Wie Emily Wilson Homer modern machte

Während Wilson darüber nachdachte, wie die Griechen in ihrem Lager erkrankten und die Trojaner hinter ihren Stadtmauern eingesperrt waren, brach die Pest aus Covid zwang ihre fünfköpfige Familie zum Lockdown. Sie wollte die Analogie nicht vorantreiben („Ich hätte nie gedacht: ‚Oh nein – Achilles muss online Lebensmittel bestellen‘“), aber sie war sich bewusst, wie unbeständig die Ausgangssperre sein kann und wie wichtig das Bedürfnis nach Gesellschaft wird. „Man kann sich entweder über die Menschen ärgern, mit denen man zusammenhängt, oder sich hingebungsvoller entwickeln“, sagte sie.

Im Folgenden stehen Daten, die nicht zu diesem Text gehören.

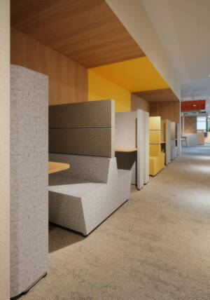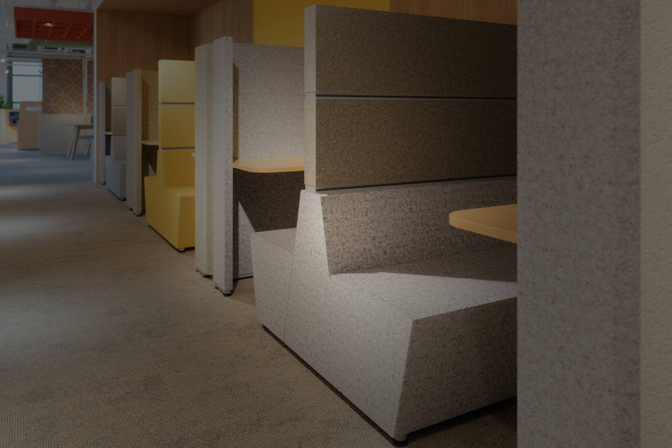A range of free-standing, sound-absorbing enclosures, offering visual privacy and reduced noise levels.

Wilson unterrichtet klassische Philologie und vergleichende Literaturwissenschaft an der University of Pennsylvania und lebt in der Nähe des Campus in einem weitläufigen alten Haus, das sie mit ihrem neunjährigen Partner David Foreman, einem Administrator bei Swarthmore, und ihren beiden schulpflichtigen Töchtern Psyche und Freya teilt . (Ihre älteste Tochter Imogen besucht jetzt das College.) Als wir uns letzten Mai trafen, begrüßte sie mich in Laufkleidung an ihrer Tür. Ich war zuerst von ihrer Jugendlichkeit überrascht, dann von der Üppigkeit ihrer Tätowierungen. „Früher habe ich als Tätowierer nicht gelesen“, erzählte sie mir, als wir uns auf der Terrasse vor ihrem Schlafzimmer niederließen, die in Ägäisblau gestrichen ist. „Wenn man sich an auffälligen Orten tätowieren lässt, verändert das seine Identität.“

Wilsons Tätowierungen wurden sichtbar, als sie an der Ilias arbeitete. Sie beschreiben ihre engsten Beziehungen: zu ihren Kindern; Vorarbeiter; ihre verstorbene Mutter; ihre jüngere Schwester Bee Wilson, die bekannte britische Food-Autorin; plus ein Pantheon griechischer Gottheiten und ihnen heiliger Kreaturen. Die Vögel und Blumen sind Sinnbilder eines zarten Herzens, während das Arsenal an stacheligen Waffen – ein Speer und ein Bogen an ihren Waden, die Gewitterwolken des Zeus auf ihrer Schulter – Zeichen ihres Kampfgeists sind.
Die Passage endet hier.